*DATA EXTRACTS*:
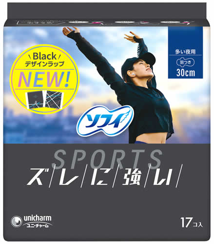 ユニチャーム ソフィSPORTS 300羽つき 多い夜用 30cm (17枚) 生理用ナプキン ソフィスポーツ 備蓄 【医薬部外品】
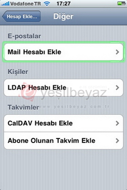3- "Hesap Ekle" menüsüne girin ve "Diğer" seçeneğini seçin
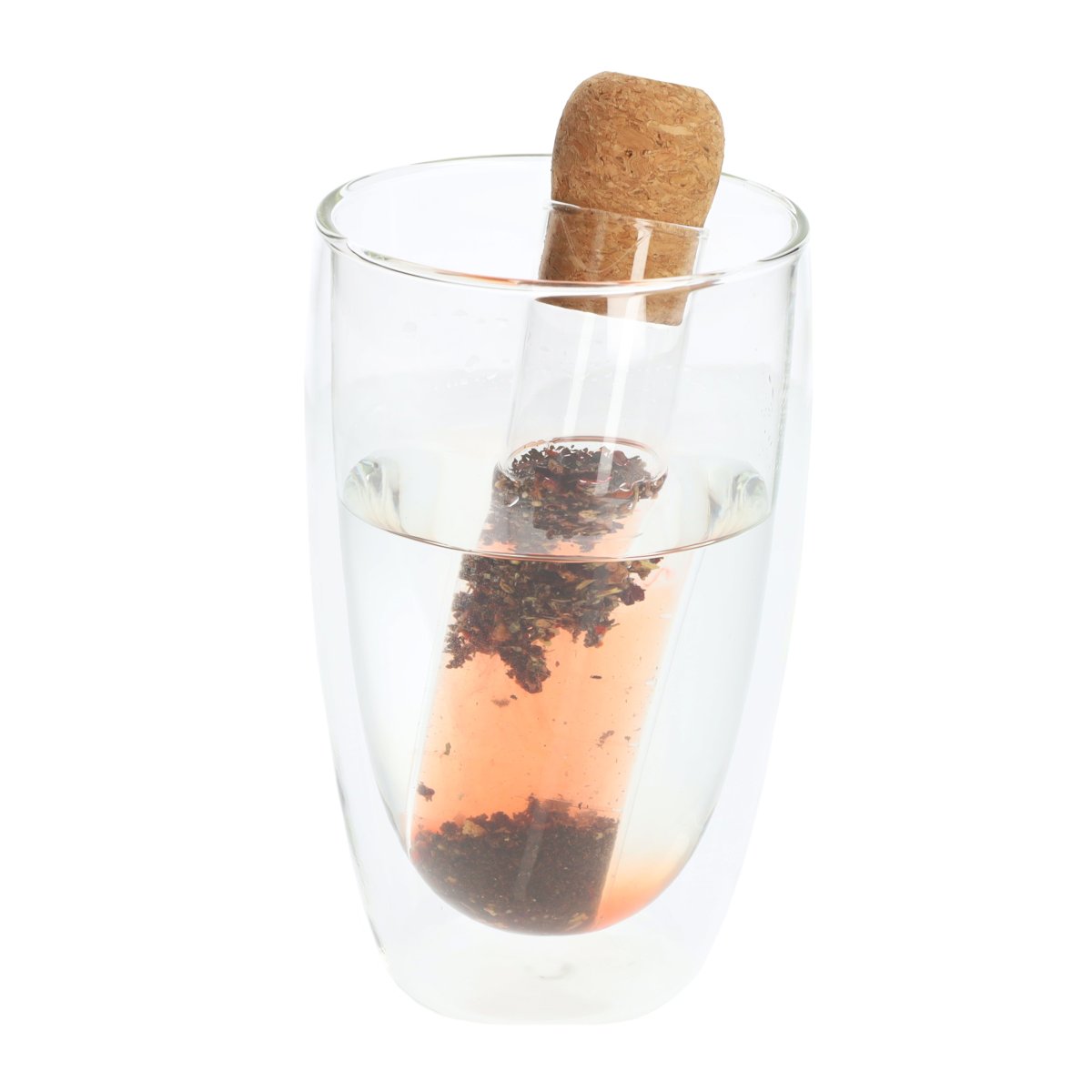 Glazen theezeef met dopje van kurk
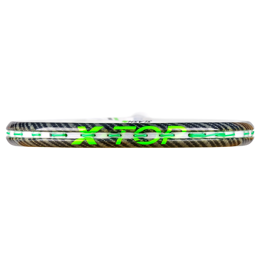 Stabyl technology: A new stiff mesh under the carbon above the handle reinforces the shaft, providing more stability upon ball impact.
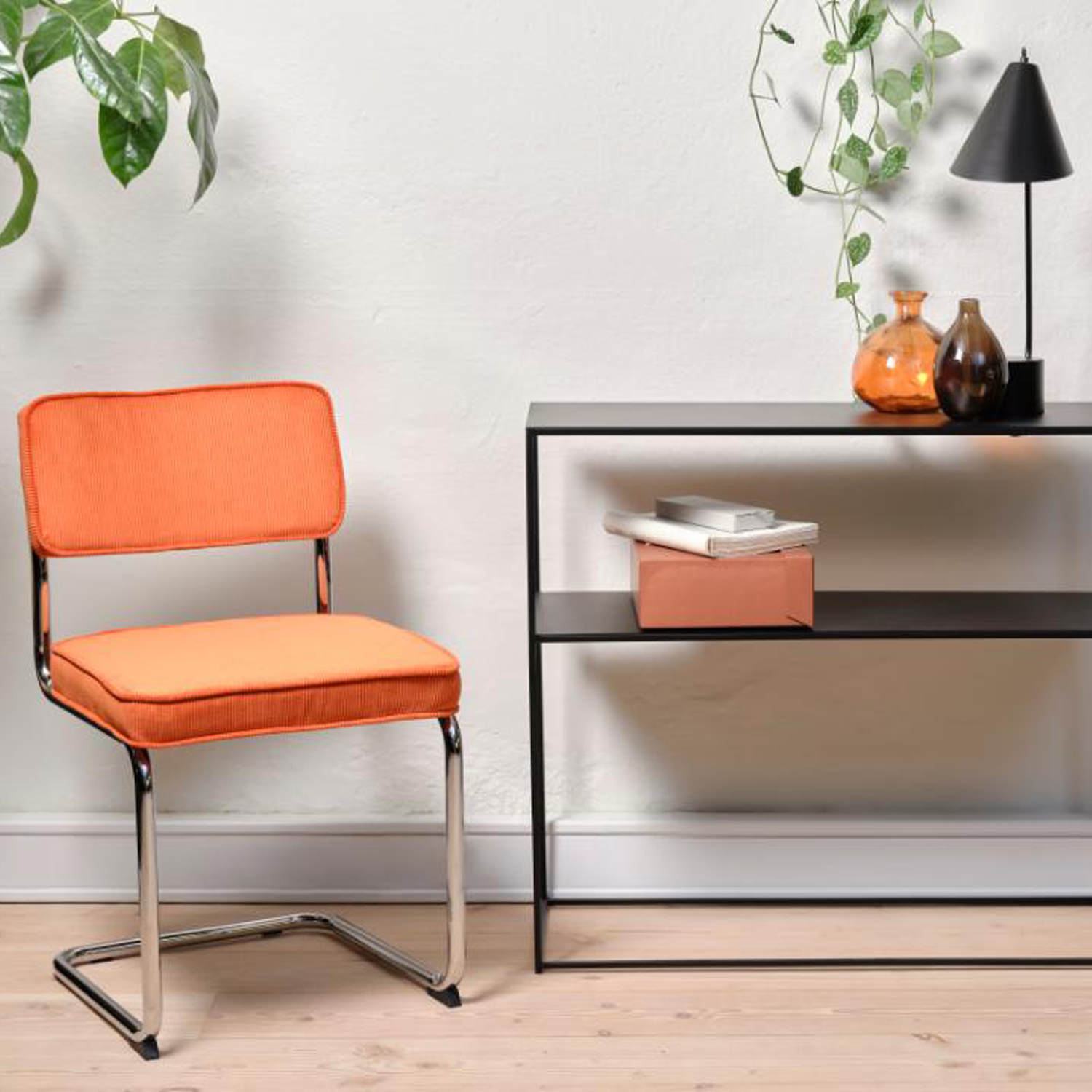 De eetkamerstoel Roberto Rib Oranje is een stijlvolle en comfortabele toevoeging aan elke eetkamer. Het frame van de stoel is gemaakt van duurzaam metaal en heeft een verchroomde afwerking, wat niet alleen zorgt voor stevigheid maar ook een moderne uitstraling geeft. De bekleding van de stoel is vervaardigd uit zachte ribstof in een frisse oranje kleur, waardoor het niet alleen een visueel aantrekkelijke keuze is, maar ook een comfortabele zitervaring biedt. De combinatie van het zilveren frame en de oranje bekleding geeft de stoel een eigentijdse en verfijnde uitstraling, waardoor het een uitstekende keuze is voor een stijlvolle eetkamerinrichting.

*AIM OF THE EXERCISE*: The records above need to be given again exactly. Omit the pictures.

*EXPECTED OUTPUT*:
 ユニチャーム ソフィSPORTS 300羽つき 多い夜用 30cm (17枚) 生理用ナプキン ソフィスポーツ 備蓄 【医薬部外品】
3- "Hesap Ekle" menüsüne girin ve "Diğer" seçeneğini seçin
 Glazen theezeef met dopje van kurk
 Stabyl technology: A new stiff mesh under the carbon above the handle reinforces the shaft, providing more stability upon ball impact.
 De eetkamerstoel Roberto Rib Oranje is een stijlvolle en comfortabele toevoeging aan elke eetkamer. Het frame van de stoel is gemaakt van duurzaam metaal en heeft een verchroomde afwerking, wat niet alleen zorgt voor stevigheid maar ook een moderne uitstraling geeft. De bekleding van de stoel is vervaardigd uit zachte ribstof in een frisse oranje kleur, waardoor het niet alleen een visueel aantrekkelijke keuze is, maar ook een comfortabele zitervaring biedt. De combinatie van het zilveren frame en de oranje bekleding geeft de stoel een eigentijdse en verfijnde uitstraling, waardoor het een uitstekende keuze is voor een stijlvolle eetkamerinrichting.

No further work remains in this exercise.